Starting with the line that holds "Members of the" and stopping after the line that holds "This paper maps", repeat the lines below word for word, without the pictures.

-- Supplied data --
◆ ◆ ◆

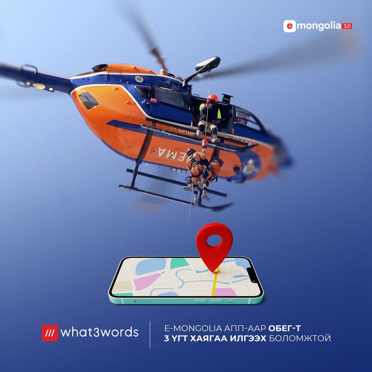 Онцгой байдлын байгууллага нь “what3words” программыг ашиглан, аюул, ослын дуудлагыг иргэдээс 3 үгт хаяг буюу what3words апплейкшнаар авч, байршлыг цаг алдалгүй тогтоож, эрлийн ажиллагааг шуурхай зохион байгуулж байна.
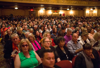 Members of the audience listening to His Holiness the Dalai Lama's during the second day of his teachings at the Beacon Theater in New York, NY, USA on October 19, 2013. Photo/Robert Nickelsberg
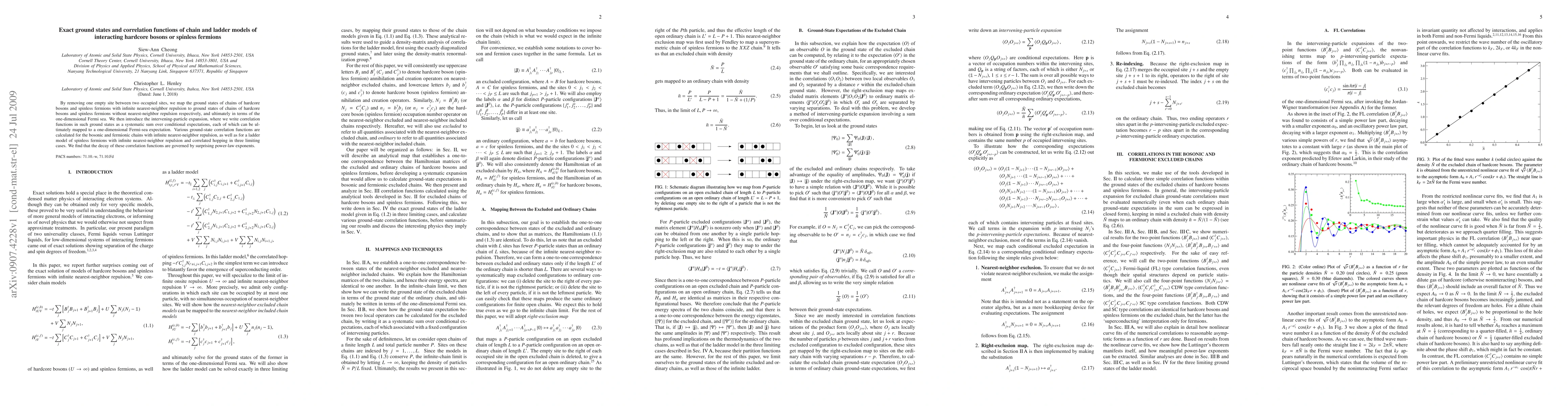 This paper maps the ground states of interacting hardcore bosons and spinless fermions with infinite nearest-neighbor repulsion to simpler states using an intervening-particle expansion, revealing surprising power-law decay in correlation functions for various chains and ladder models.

◆ ◆ ◆

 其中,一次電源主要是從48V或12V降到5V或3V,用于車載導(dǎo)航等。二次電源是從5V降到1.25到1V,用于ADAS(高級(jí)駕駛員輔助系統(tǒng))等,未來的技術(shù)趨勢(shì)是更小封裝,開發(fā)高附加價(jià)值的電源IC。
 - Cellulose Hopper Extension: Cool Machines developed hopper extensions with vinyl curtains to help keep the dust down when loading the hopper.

◆ ◆ ◆

-- Response to this task --
 Members of the audience listening to His Holiness the Dalai Lama's during the second day of his teachings at the Beacon Theater in New York, NY, USA on October 19, 2013. Photo/Robert Nickelsberg
 This paper maps the ground states of interacting hardcore bosons and spinless fermions with infinite nearest-neighbor repulsion to simpler states using an intervening-particle expansion, revealing surprising power-law decay in correlation functions for various chains and ladder models.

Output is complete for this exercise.